BeritaLokal, Jakarta – Pemerintah Fokus Selesaikan 23 Rekomendasi BPK sekaligus mendorong peningkatan Indeks Pembangunan Manusia (IPM) yang kini mencatat angka 75,90, menegaskan komitmen kedalam reformasi tata kelola keuangan negara melalui pembahasan Rancangan Undang‑Undang Pertanggungjawaban Pelaksanaan APBN (RUU P2 APBN) tahun 2025. Menteri Keuangan, Purbaya Yudhi Sadewa, menyatakan pada rapat kerja bersama Badan Anggaran DPR Rabu (14/7/2026) bahwa setiap rekomendasi BPK akan ditindaklanjuti secara menyeluruh untuk memperkuat sistem pelaporan dan akuntabilitas APBN.

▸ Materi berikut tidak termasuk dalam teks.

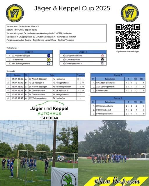 🔵🟡 + Jäger und Keppel Cup 2025 + 🟡🔵 Am zweiten Spieltag unseres Jäger und Keppel Cup 2025 @autohaus_jaeger_und_keppel gewann SV Altdorf- Böbingen @svab_1958 gegen den @asvschwegenheim_1929 auch ihr zweites Spiel (1:0) und steht somit schon im Halbfinale. Im späten Spiel gewann SV Gommersheim @svg1945 mit 2:0 gegen den 1. FC 08 Hassloch @fc08hassloch . ⚽️🥅🏆 Heute treffen im frühem Spiel der SV Gommersheim und der FV Heiligenstein @fvheiligenstein aufeinander. Und im späten Spiel ASV Schwegenheim gegen @fv_hanhofen_1946 . +++ Kommt vorbei, erlebt spannende Spiele und genießt gutes Essen wie Spieße, Bratwurst oder Wurstsalat und dazu kühle Getränke wie Bier von Fass, n leckere Schorle oder ne kühle Coke. Wir freuen uns auf Euch. #meindorfverein ##fvhanhofen #08hassloch #altdorfböbingen #schweschnemerjungs #heiligenstein #gommersheim #gruppenphase #jägerundkeppelcup
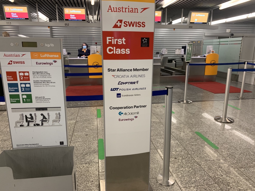 Da es sich bei diesem Flug nicht im einen klassischen Eurowings Discover Flug gehandelt hat, sondern im Endeffekt um einen Lufthansa Codeshare Flug von Air Dolomiti, habe ich einfach am Lufthansa Schalter den Check-In gemacht. Am First Class Check-In in der Halle in Frankfurt findet man nun aber auch den Hinweis auf Eurowings Discover, sodass man hier wohl auch als HON Circle Member, Senator und Star Alliance Gold Member für normale Eurowings Discover Flüge einchecken kann.
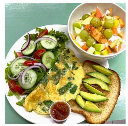 Omelette con jitomate, cebolla y chile serrano, servido con una rebanada de pan integral tostado con aguacate y ensalada.
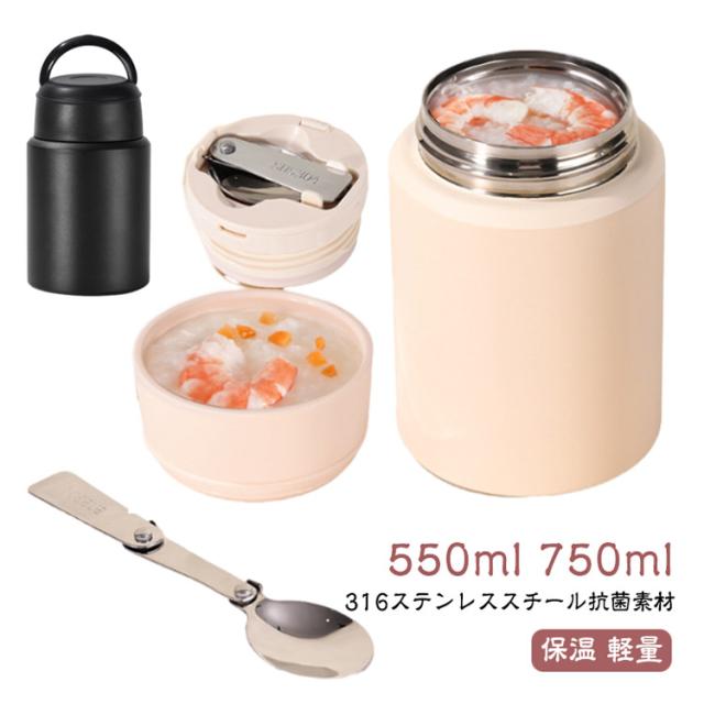750ml ランチ ステンレススープジャー 持ち運び 550ml スプーン付き 折りたたみスプーン付き お弁当 おしゃれ 保温 お手入れ簡単 スープジャー ステンレス 保温 軽量 コンパクト かわいい スープジャー 本体丸洗い スープ

Ringkasan pergerakan IPM sejak 2021 menunjukkan tren positif dengan rata‑rata kenaikan 0,83 % per tahun hingga 2025. Pada tahun 2025, IPM nasional resmi mencapai 75,90-meningkat 2,8 poin, atau 1,17 % dibandingkan 75,02 pada 2024. Peningkatan ini mengangkat Indonesia ke dalam kategori negara kategori IPM Tinggi. Puncak peningkatan tersebut didorong oleh kebijakan komprehensif dan afirmatif, terutama di daerah yang masih menonjolkan angka IPM rendah, yang berperan kunci bagi pemerintah mengurangi ketimpangan pembangunan antarwilayah.

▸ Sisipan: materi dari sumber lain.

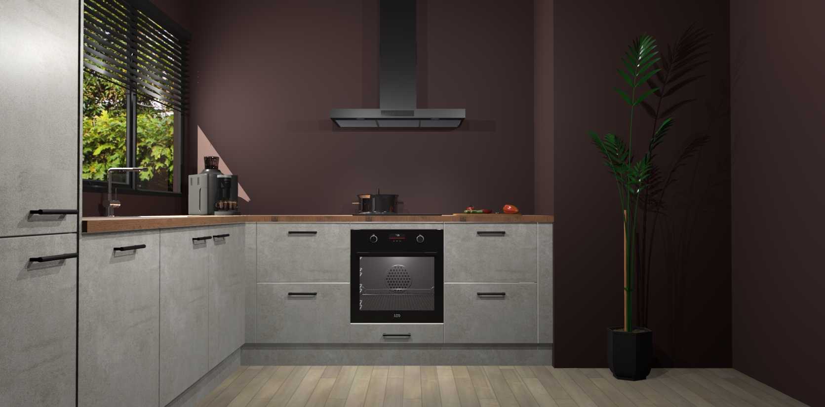 Met een modern, tijdloos design en ruime opslagruimte, zult u zich in no-time thuis voelen in uw nieuwe keuken. Uw leven wordt eenvoudiger met de soft-close deuren die voor het ultieme stille comfort zorgen - geen geluid dat u stoort terwijl u kookt. Ook is de keuken voorzien van 5 ingebouwde apparaten: een oven, inductie kookplaat, afzuigkap, vaatwasser en koelkast. Deze kunnen gemakkelijk na bestelling worden bijgewerkt naar AEG - waardoor uw luxe ervaring compleet is.
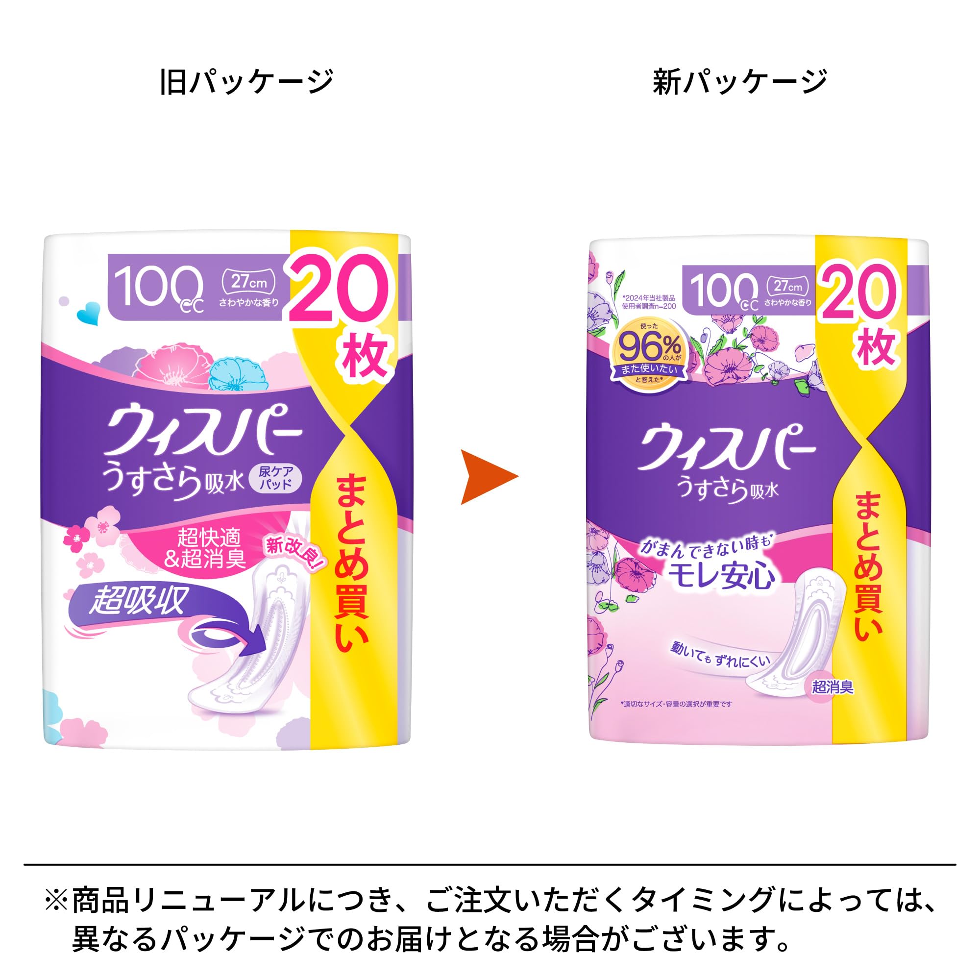 ウィスパー うすさら吸水 100cc 20枚 (尿漏れパッド 尿とりパッド 女性用) 【中量用】
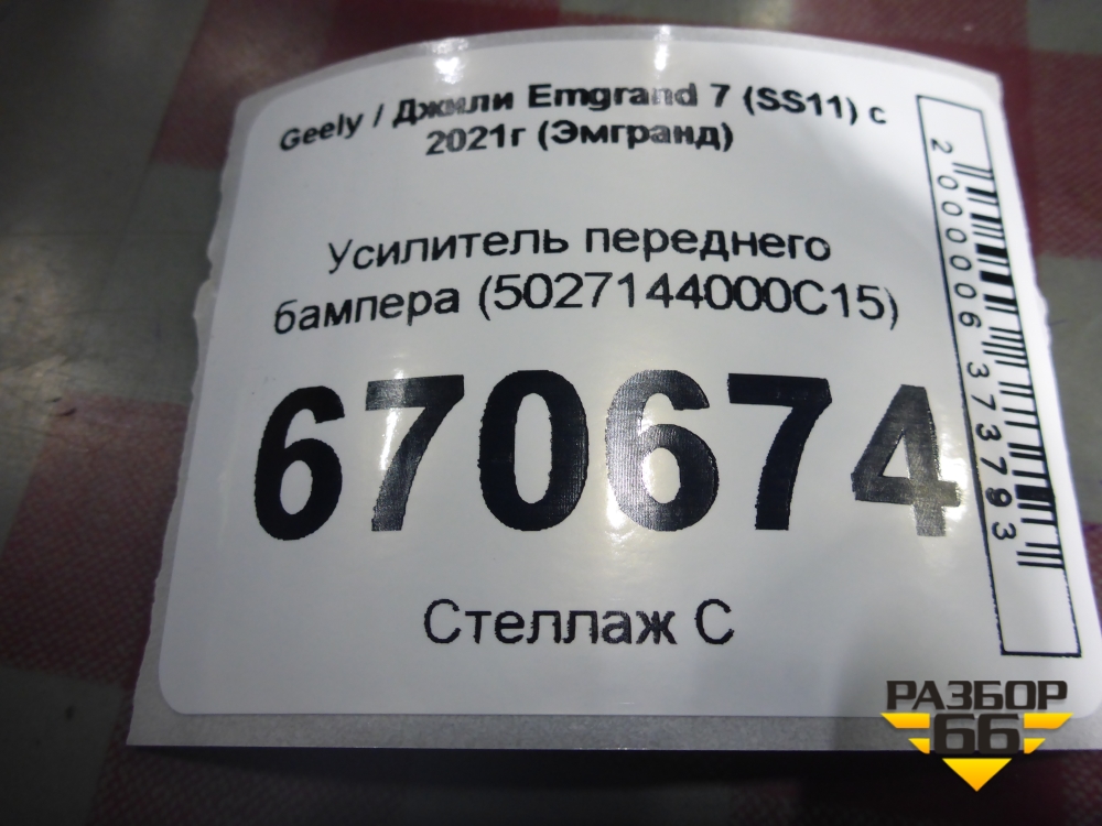 Усилитель переднего бампера (5027144000C15) для Geely Emgrand 7 (SS11) с 2021г (Эмгранд) в Челябинске

IPM Naik ke Standar Negokom

Penyusunan kebijakan yang prodisiplin dan inklusif menjadi inti strategi pemerintah. Menurut Purbaya, lembaga kebijakan publik berfokus pada dua lini aksi: peningkatan kualitas sumber daya manusia (SDM) melalui pendidikan dan kesehatan serta penguatan infrastruktur sosial. Dalam konteks daerah, pemerintah menua pengalokasian dana melalui jaringan sub‑kemduk dipadukan dengan stimulus fiskal yang menargetkan peningkatan pelayanan kesehatan primitif serta penyuluhan pendidikan vokasional. Bentuk kebijakan semacam ini diharapkan memperkuat fondasi manusia sebelum dimaksimalkan pada sektor ekonomi.

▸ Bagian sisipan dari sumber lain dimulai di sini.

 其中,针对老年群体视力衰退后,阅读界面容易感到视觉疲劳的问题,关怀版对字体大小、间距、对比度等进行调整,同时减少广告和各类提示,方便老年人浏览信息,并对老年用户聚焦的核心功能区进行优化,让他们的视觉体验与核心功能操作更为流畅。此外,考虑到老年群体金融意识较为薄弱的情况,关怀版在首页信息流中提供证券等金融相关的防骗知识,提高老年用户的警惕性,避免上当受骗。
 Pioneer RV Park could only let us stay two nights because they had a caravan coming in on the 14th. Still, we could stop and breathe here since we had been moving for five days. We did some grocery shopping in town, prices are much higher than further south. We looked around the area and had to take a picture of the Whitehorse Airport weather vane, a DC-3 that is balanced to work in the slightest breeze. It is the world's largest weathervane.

23 Rekom BPK: Perbaikan Fokus

Badan Pemeriksa Keuangan menilai Laporan Keuangan Pemerintah Pusat (LKPP) 2025 tetap Wajar Tanpa Pengecualian (WTP), namun menyertakan 11 temuan signifikan. Dari temuan tersebut, BPK mengeluarkan 23 rekomendasi perbaikan yang bertujuan menakar kebijakan pengeluaran, revisi sistem jaminan sosial, dan perbaikan transparansi data keuangan publik. Purbaya menegaskan bahwa semua rekomendasi tersebut akan diselesaikan dalam fase kerja RUU P2 APBN. Hal ini mencakup pembuatan peraturan tindak lanjut atas setiap rekomendasi dan penetapan mekanisme audit internal yang lebih ketat. Keterangan Purbaya menekankan bahwa ketepatan pelaksanaan rekomendasi akan diuji terhadap jadwal pelaporan tahunan berikutnya.

Tata Kelola Fiskal: Kebijakan Panja

Di sisi tata kelola fiskal, pemerintah menyiapkan tim khusus untuk perwakilan dalam Panitia Kerja (Panja) pembahasan RUU P2 APBN bersama Badan Anggaran DPR. Tim tersebut dibentuk dari unit teknis manajemen negara, memfokuskan diskusi pada substansi rancangan undang‑undang perihal penyajian laporan, metrik evaluasi, dan mekanisme pengawasan. Pantar kerja, disesuaikan dengan rekomendasi BPK, berencana menyalin data temuan, memperjelas prosedur pengelolaan wajib pajak, serta memperketat proses pengupahan jabatan publik. Purgol keprihatinan tata kelola fiskal berongberong pada kebutuhan pemerintah agar mengoptimalkan pengelolaan APBN efektif, bersih, dan transparan di masa depan.

Aspek Analisis

Keputusan pemerintah untuk memusatkan perhatian pada 23 rekomendasi BPK sekaligus meningkatkan IPM merefleksikan strategi kebijakan yang holistik. Pertumbuhan IPM menandakan keberhasilan program pembangunan manusia, sementara penerapan rekomendasi BPK menegaskan kredibilitas pengelolaan fiskal. Interaksi antara dua capaian ini diharapkan memperkuat sinergi kebijakan sosial dan fiskal, sekaligus menciptakan alur keuangan yang lebih solid untuk menaklukkan tantangan pembangunan.